Work instruction: Your reply should be the entries, output word for word, with each picture omitted.

*** Opening Material for this task ***

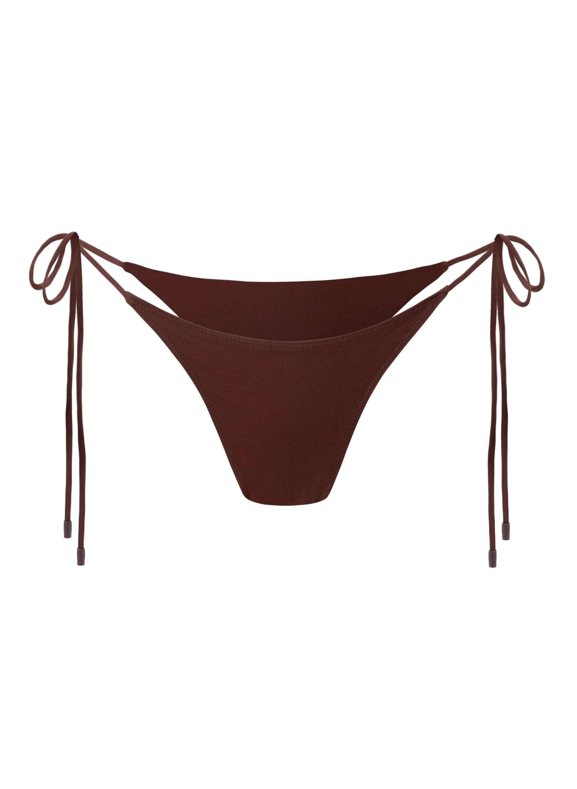 The Amina Bikini Bottom is crafted of sculpting stretch fabric in a chocolate brown hue. This minimal silhouette offers medium coverage with a low rise. This style runs true to size. Shop Swimwear
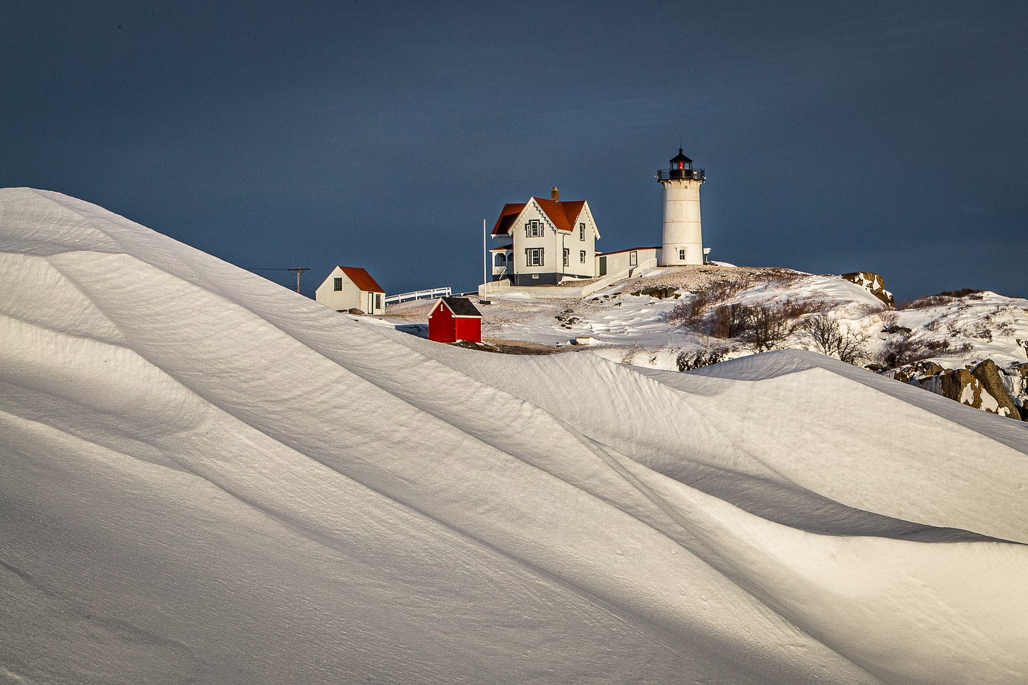 I loved this drift formation on the rocks beneath Nubble Lighthouse. A compressed perspective with a long lens brought these two subjects together and makes it appear as though the Nubble is perched on top of this snowdrift.
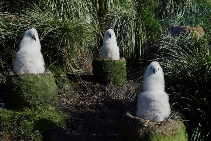 Die Küken des Graukopfalbatros sitzen auf hohen Nestern aus Schlamm und Gras. Nur, wenn sich die Kleinen exakt an diesen Platz befinden, erkennen die Eltern sie und kümmern sich.
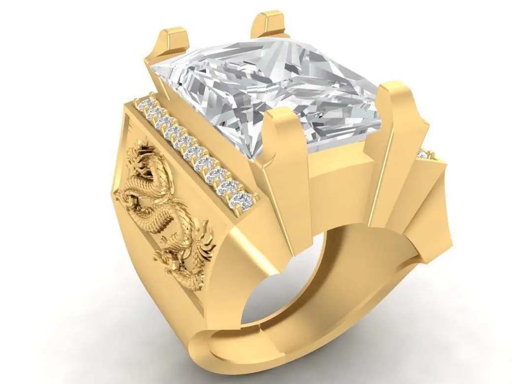 This 3D jewelry model showcases a bold and luxurious men’s statement ring featuring a large square-cut emerald-style center stone. The strong geometric structure, combined with thick prongs and detailed side engravings, creates a powerful design suitable for premium men’s jewelry collections. The substantial band and elevated center setting emphasize durability, while ornamental elements on the shank add depth and refinement.
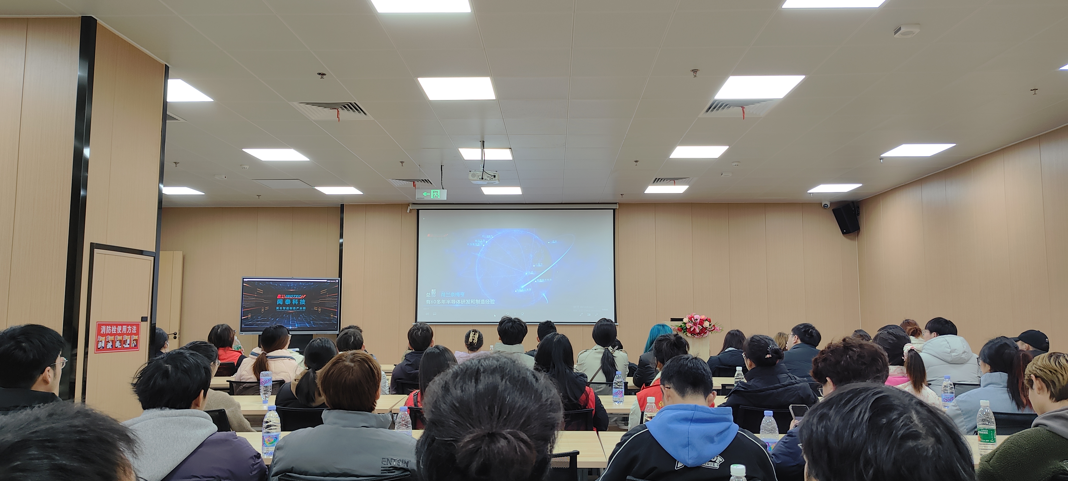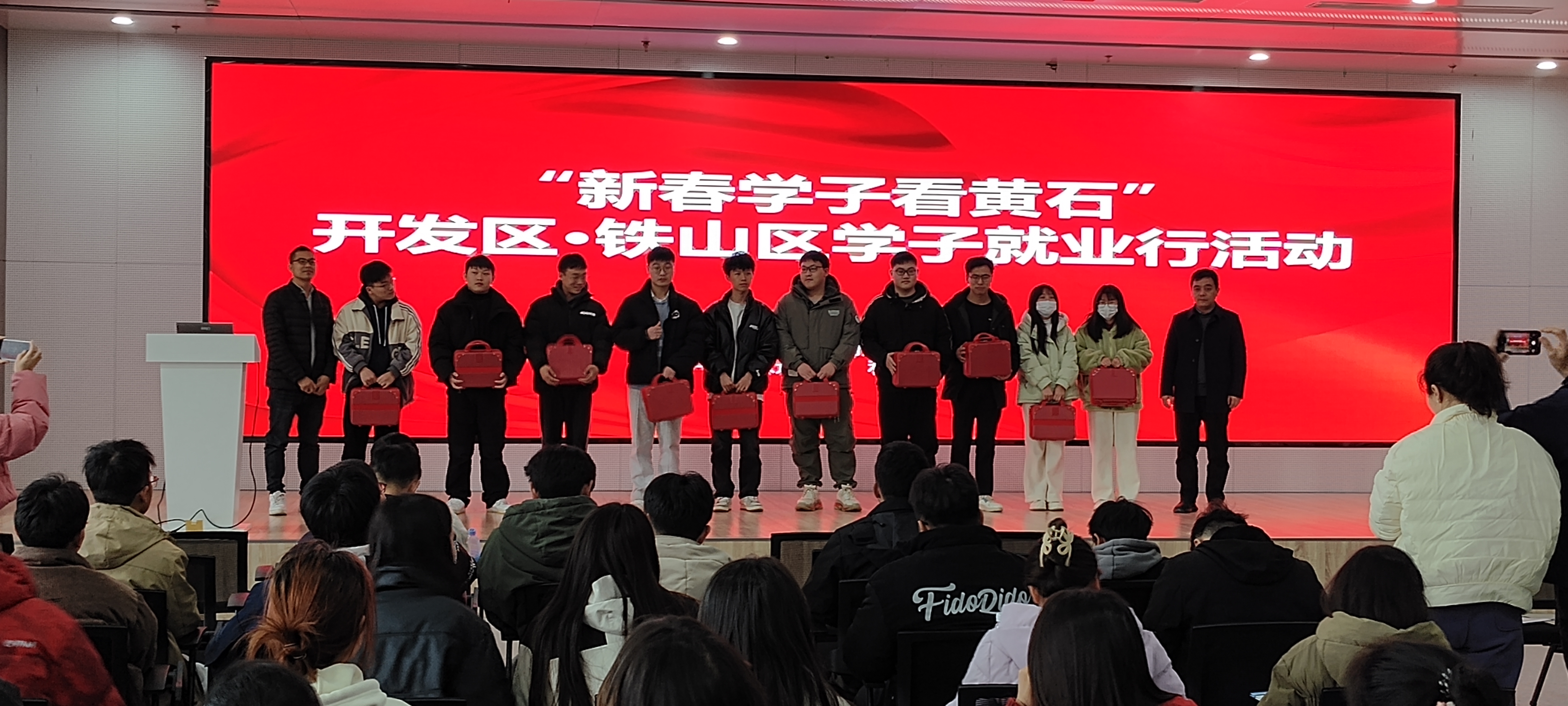 在闻泰集团人事部刘专员讲解引领下,众师生一行参观了闻泰园区、展厅、食堂及职工宿舍并组织观看了闻泰集团的企业宣传片,使学生了解半导体IDM、光学模组、通讯产品等产业链布局。随后,参观了智慧光子集团:通过观摩展品,认识了精密零器件的奥妙。通过参观车间生产线,知晓了现代化管理标准。人事资源部曹部长通过宣讲会,一起回顾了集团艰苦创业的历程,阐释了光纤激光器的进展,读懂企业对“锐意进取,科技创新”精神的认识,增加了对企业的认同感。最后,开铁区人才中心叶局长给学生们派发了小礼品。

*** Closing Material for this task ***

Solution to the exercise:
 The Amina Bikini Bottom is crafted of sculpting stretch fabric in a chocolate brown hue. This minimal silhouette offers medium coverage with a low rise. This style runs true to size. Shop Swimwear
 I loved this drift formation on the rocks beneath Nubble Lighthouse. A compressed perspective with a long lens brought these two subjects together and makes it appear as though the Nubble is perched on top of this snowdrift.
 Die Küken des Graukopfalbatros sitzen auf hohen Nestern aus Schlamm und Gras. Nur, wenn sich die Kleinen exakt an diesen Platz befinden, erkennen die Eltern sie und kümmern sich.
 This 3D jewelry model showcases a bold and luxurious men’s statement ring featuring a large square-cut emerald-style center stone. The strong geometric structure, combined with thick prongs and detailed side engravings, creates a powerful design suitable for premium men’s jewelry collections. The substantial band and elevated center setting emphasize durability, while ornamental elements on the shank add depth and refinement.
 在闻泰集团人事部刘专员讲解引领下,众师生一行参观了闻泰园区、展厅、食堂及职工宿舍并组织观看了闻泰集团的企业宣传片,使学生了解半导体IDM、光学模组、通讯产品等产业链布局。随后,参观了智慧光子集团:通过观摩展品,认识了精密零器件的奥妙。通过参观车间生产线,知晓了现代化管理标准。人事资源部曹部长通过宣讲会,一起回顾了集团艰苦创业的历程,阐释了光纤激光器的进展,读懂企业对“锐意进取,科技创新”精神的认识,增加了对企业的认同感。最后,开铁区人才中心叶局长给学生们派发了小礼品。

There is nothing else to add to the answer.